Jonathan Sarna, a history professor at Brandeis University, took it upon himself to create an in-depth look at American Jewish history and published it in book form just in time for the 350th anniversary of American Judaism.

"There actually hasn't been a comprehensive history written on Judaism since Nathan Glazer," he said, referring to Glazer's 1972 book, "American Judaism (The Chicago History of American Civilization)." Sarna said that there have been plenty of histories of Jews, but not of Judaism as an entity. After consulting with friends who specialize in American religions, he discovered that there really hadn't been anything new in the category of Judaism, and that "people really had no idea how Judaism came into the larger story of American history."

Sarna said that as a historian, he was eager to do a book that wasn't a chapter-by-chapter description of each individual Jewish sect, but rather a book that showed how they all related to each other.
"I started work on the book in the mid-1990s, while I was on sabbatical," Sarna said. "I stopped for a long time because I had cancer, but I picked it up again when it finally looked like I was going to survive." He wrote quite a bit of the book in Israel during 2001 and 2002, and the book was published in March.

One of the points Sarna makes in the book is that American Judaism was influenced by American Protestantism. "It seems to me that Judaism has always been influenced by the surrounding cultures," he said. He noted that you could hardly write about Judaism in England without looking at the goings-on of the Anglican church. "One example," said Sarna, "is that American Protestantism is very denominational, and that helps explain why Judaism developed so many different strains." He said that in America, people are used to having many different ways of being a Christian, and now it's the same thing with being a Jew. "In other countries, it seems like there's only one way to, say, be a Catholic and one way to be a Jew," he said.

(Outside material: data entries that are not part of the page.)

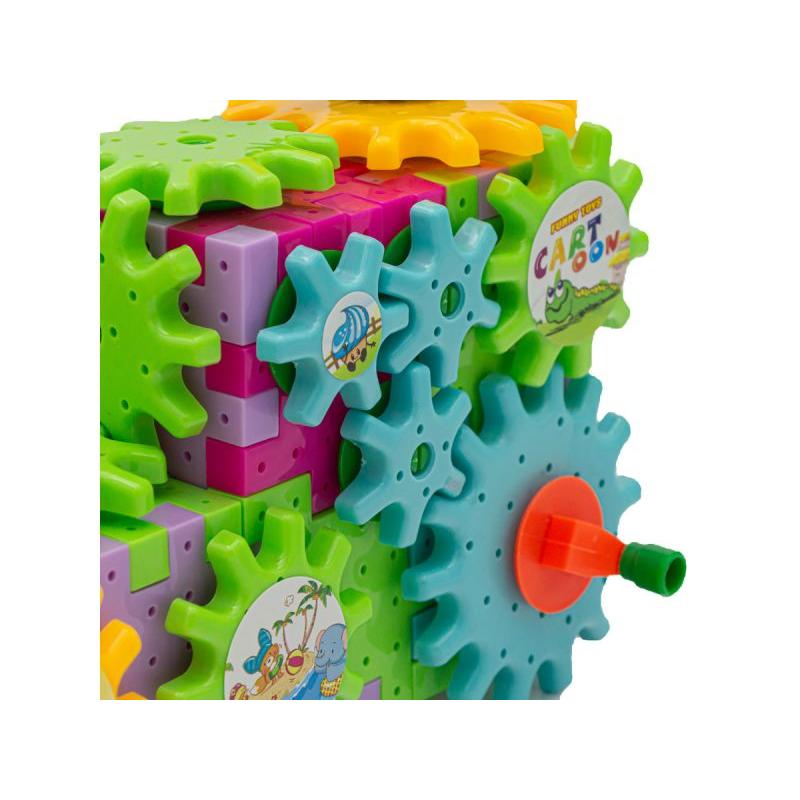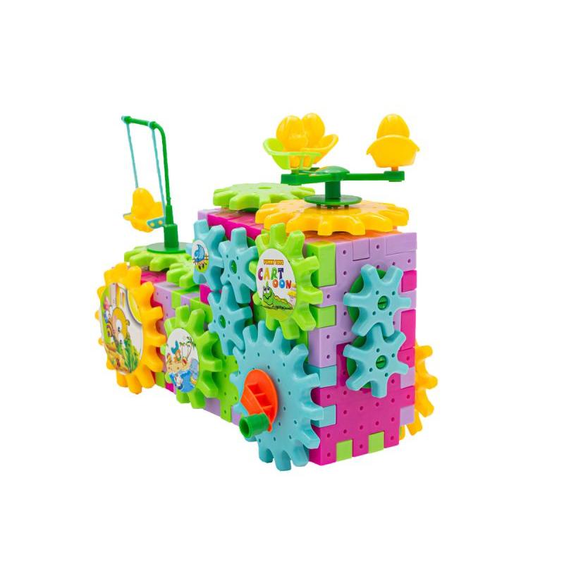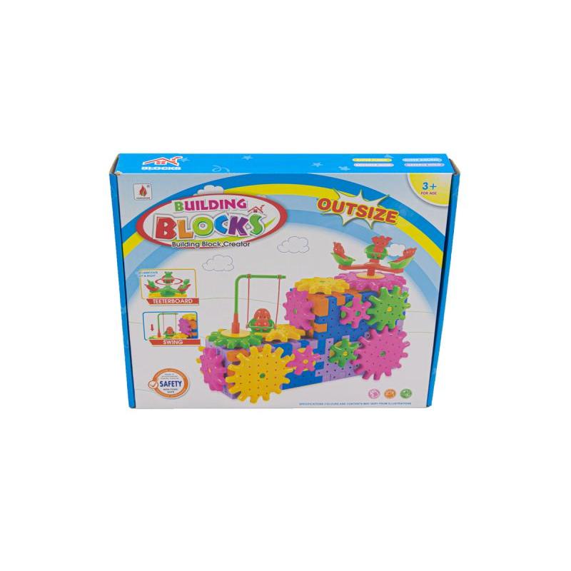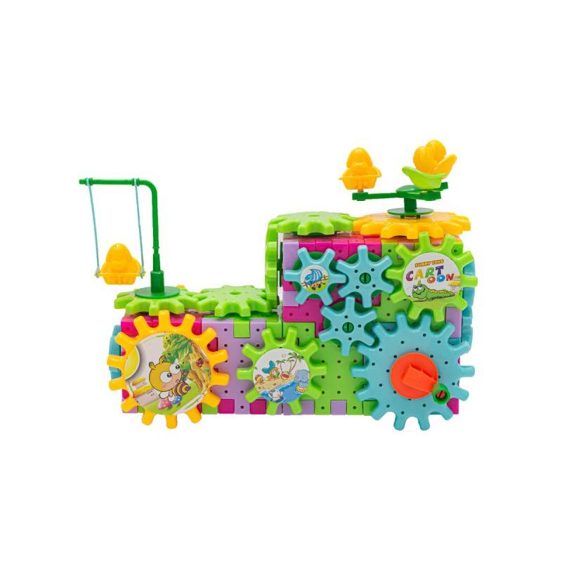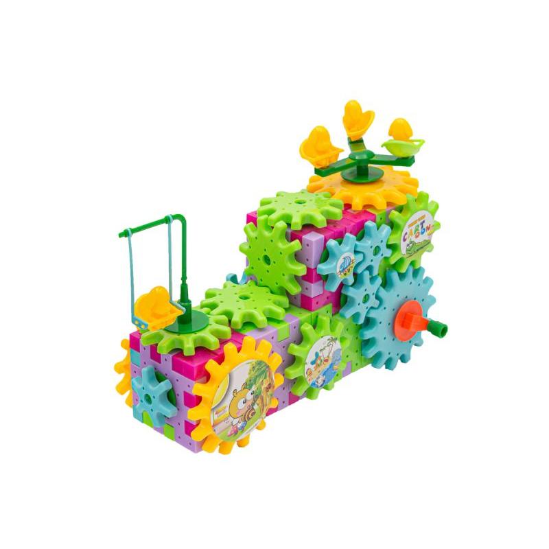 Klocki konstrukcyjne 78 elementów — kolorowy zestaw dla dzieci 3+, opakowanie 33 × 27,5 × 5 cm, bogaty wybór plastikowych modułów do samodzielnego projektowania, montażu i zabawy. Elementy łączy się prosto na wcisk, zestaw zawiera koła zębate, zwierzątka, huśtawkę i karuzelę, co urozmaica konstrukcje i wprowadza ruchome fragmenty. Największa zębatka ma średnicę 8,5 cm, pojedynczy element konstrukcyjny ma wymiary ok. 7 × 7 × 1 cm, w komplecie 78 części. Zabawka stymuluje kreatywność i zdolności manualne, pozwalając dziecku tworzyć wieże i pojazdy oraz ćwiczyć rozumowanie przestrzenne podczas zabawy.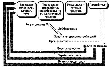 Технологический процесс создается для переработки сырья в конечный продукт, который, в свою очередь, продается заказчику. Финансовые учреждения, рабочая сила, поставщики и заказчики, правительство - все являются частью окружения.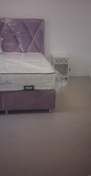 Grand lit avec coffre et placard.

Sarna believes that one can only study religion in a comparative manner. He quipped: "They say in religion that if you only know one, you don't know any!"

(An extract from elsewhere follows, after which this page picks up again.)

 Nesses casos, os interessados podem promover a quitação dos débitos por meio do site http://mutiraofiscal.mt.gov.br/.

Sarna spends some time in the beginning of the book delineating the decentralization of American Judaism, citing a movement from a synagogue-community (a community that revolves around a central synagogue) to a community of synagogues.

"In America," Sarna said, "where religion is so decentralized, (forming new sects) was inevitable. In many ways, I think it's good that it has been decentralized." He believes that the movement toward a community of synagogues meant that religion became answerable to its members, rather than to a governmental body. "It meant that the religion had to remain relevant to the members, and not another body."
He also mentioned how little American Jews know about their own history. "Very few Jews have roots going back to the American revolution," Sarna said. "There are so many who came over from elsewhere. But I really think they can learn from American Jewish history, and that we can learn from them as well." He discusses in the book more recent immigrants who are interested in learning more about their community, saying that the history being built by American Jews today has been influenced by the history built during the American Revolution.